Of we erbij wilden blijven? T. ging in de wachtkamer zitten. Ik bleef haar nog even vasthouden. Het middel heette T 61. Enkele seconden na het toedienen een kreet als van een lynx, een hevige maar korte opflakkering van levensdrift. Vergeefs. Rust komt over haar. Ze ligt op haar zij, het lijkt alsof ze slaapt. Een slaap waaruit ze niet meer zal ontwaken.

De anders zo levenslustige dierenarts praat nu stil. Dit staat lijnrecht tegenover haar normale taak. Zestien jaar heeft Minoes bij ons gewoond, een levend wezen tussen andere levende wezens, in vele opzichten ánders. Maar naarmate je haar meer observeerde een steeds herkenbaarder medeschepsel, bondgenoot van al wat leeft op aarde.
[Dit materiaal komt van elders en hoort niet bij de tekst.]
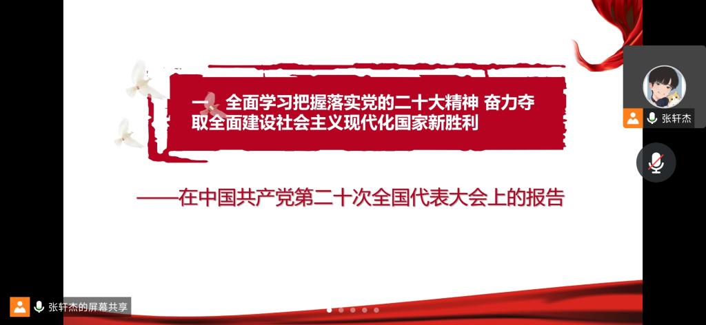 2022年11月11日13:00,猫都论坛 本科生一支部在线上开展了本学期第二次组织生活,本次组织生活以“献礼二十大,强国新征程”为主题,由张轩杰同志主持,一支部全体党员参加。张轩杰同志带领大家回顾了党的二十大的主要内容和现实意义,号召全体党员同志要在全面学习、全面把握、全面落实上下功夫,坚定不移把党的二十大提出的目标任务落到实处,奋力夺取全面建设社会主义现代化国家新胜利。支部同志们一同学习了中央全面深...

Een gevangen muis aan de deur leggen als bijdrage in de huishoudkosten, verbaasd dat we haar trofee meteen begroeven. 's Ochtends op de overloop wachten tot iedereen beneden is. Met ouder te worden, steeds vaker gestreeld willen worden – toen ze ziek was zelfs tevredener zijn met een flinke knuffelbeurt dan met eten. Een paar keer een opflakkering: de tweelettergrepige kattenvariant van het woord 'honger' zeggen op vaste tijdstippen, om geen maaltijd over te slaan. Zich terugtrekken als er iets te veel stemverheffing in huis was, uit plaatsvervangende schaamte. Tijdens het tv-kijken mee komen liggen 'kijken', al bleven de stompzinnige beelden die mensen voor elkaar produceren, haar gelukkig bespaard.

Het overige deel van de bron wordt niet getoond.